**Exercise brief**
Starting at the line that contains "Man hat die", write out each line through the end of the data below, exactly as it stands. Skip any pictures.

Data section start

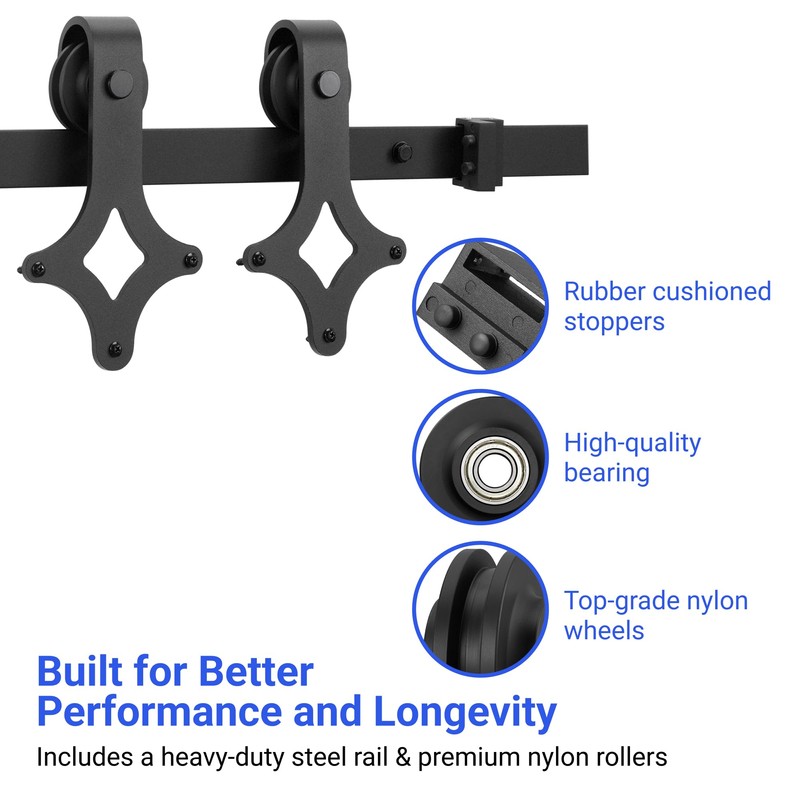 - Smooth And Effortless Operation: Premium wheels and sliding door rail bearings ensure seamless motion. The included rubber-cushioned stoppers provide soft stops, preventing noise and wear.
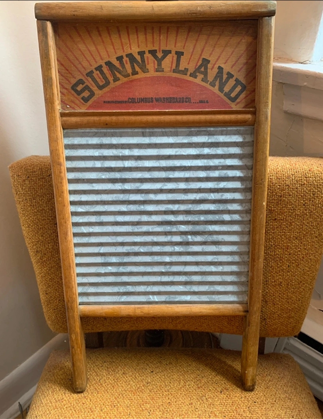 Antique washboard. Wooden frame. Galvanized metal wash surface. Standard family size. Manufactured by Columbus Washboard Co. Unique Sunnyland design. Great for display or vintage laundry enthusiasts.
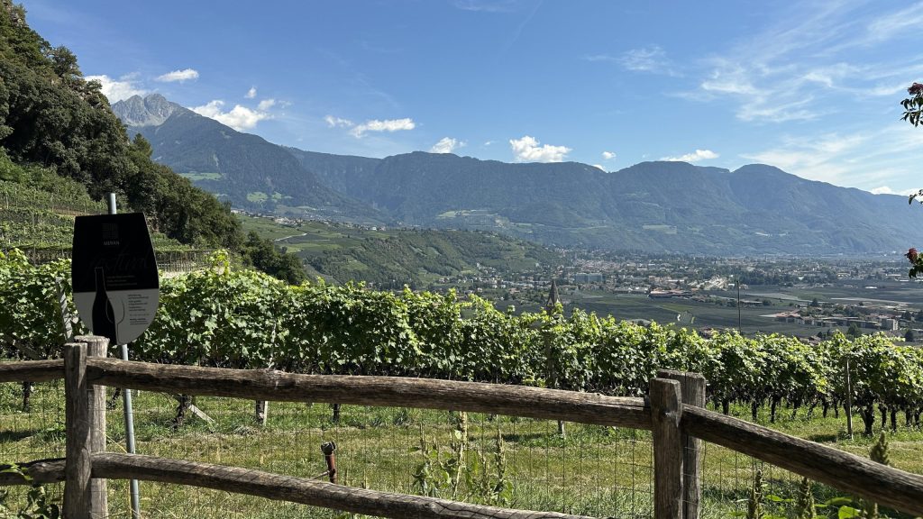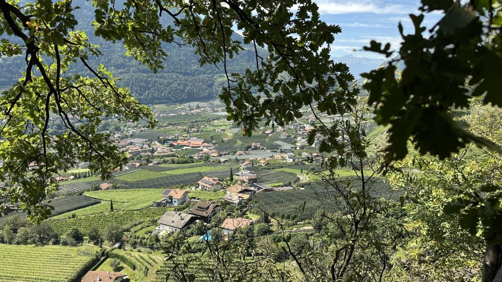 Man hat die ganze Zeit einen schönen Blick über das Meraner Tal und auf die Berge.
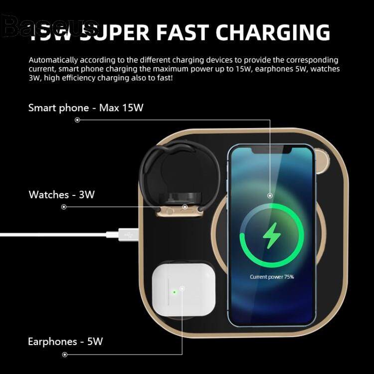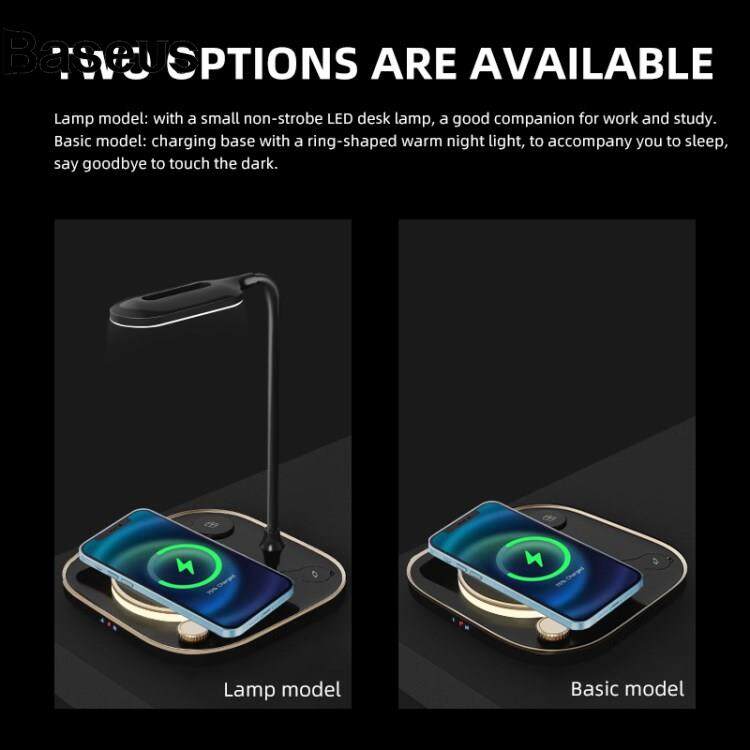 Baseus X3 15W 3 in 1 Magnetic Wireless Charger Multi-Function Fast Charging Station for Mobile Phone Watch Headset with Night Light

Data section end

**Solution for this problem**
 Man hat die ganze Zeit einen schönen Blick über das Meraner Tal und auf die Berge.
 Baseus X3 15W 3 in 1 Magnetic Wireless Charger Multi-Function Fast Charging Station for Mobile Phone Watch Headset with Night Light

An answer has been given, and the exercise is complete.